Meta and Alibaba Shake Up AI Leadership
Major tech leadership changes are underway as the AI race intensifies. Mark Zuckerberg has reportedly cut ties with Meta's AI chief as part of a push for flatter, faster orgs. Meanwhile, Alibaba is forming a new task force after the head of its Qwen AI division departed.
Meta's restructuring creates a new applied AI engineering organization led by long-time executive Maher Saba, who will report directly to the CTO, Andrew Bosworth. This new group will feature an unusually flat structure with as many as 50 individual contributors for every manager, a design intended to accelerate decision-making and reduce bureaucracy. The move strategically splits Meta's AI efforts, distributing responsibility between Alexandr Wang's research-focused Superintelligence Labs and Saba's applied engineering team. This organizational redundancy is designed to mitigate risk; if one team encounters obstacles, others can continue to advance on key projects like the AI models codenamed Avocado and Mango. At Alibaba, the departure of Qwen's technical lead, Lin Junyang, follows the exits of at least two other senior AI executives this year: the head of post-training and a staff research scientist focused on coding. Lin, born in 1993, was considered a core architect behind Qwen's rapid progress and a key reason for its competitiveness with fewer resources than rivals. Lin's resignation is reportedly tied to a planned reorganization of the Qwen team. The proposal would shift the division from a vertically integrated system to horizontal teams focused on functions like pre-training and multimodal development, a move that would have reduced Lin's direct management role.
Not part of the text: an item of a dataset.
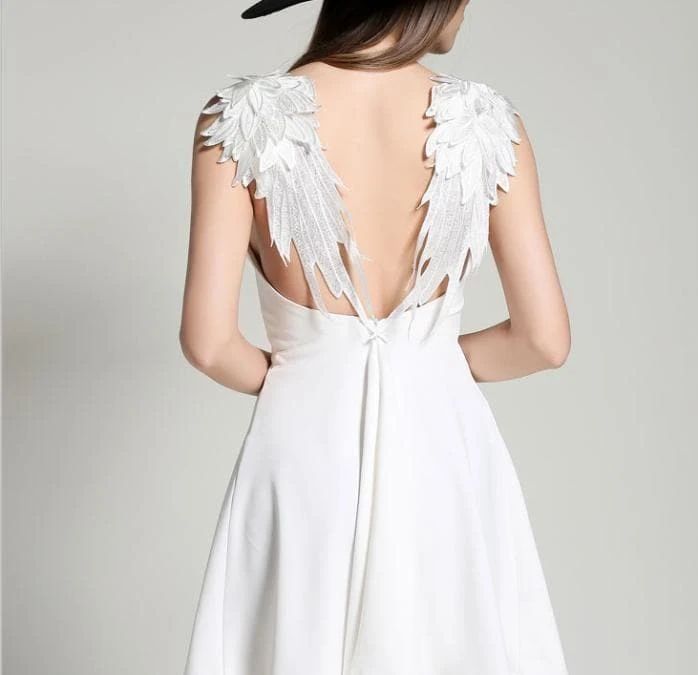 This black velvet mini dress has a Angel wing design at the back, Above knee length, and V-neckline. We know you’d be sold at the angel wing design, but we also guarantee that it is damn comfortable with its patchwork pattern and the A-Line style.Â

Analysts point to an underlying tension between Qwen's open-source strategy, which has cultivated a large global community, and the commercial pressure to generate revenue directly through APIs. This conflict between community-building and monetization represents a core strategic challenge for leaders in the open-source AI space. These leadership shuffles highlight the immense difficulty of scaling AI engineering teams. Unlike traditional software development, AI projects involve non-linear processes and unpredictable edge cases that challenge established organizational structures. As a result, only 22% of organizations believe their current architecture can support AI workloads without significant modification. The broader trend is a fundamental redesign of the tech organization itself, moving beyond treating AI as a simple productivity tool. Companies are restructuring workflows to integrate human-AI collaboration, shifting the role of engineers from executors to orchestrators of increasingly autonomous systems.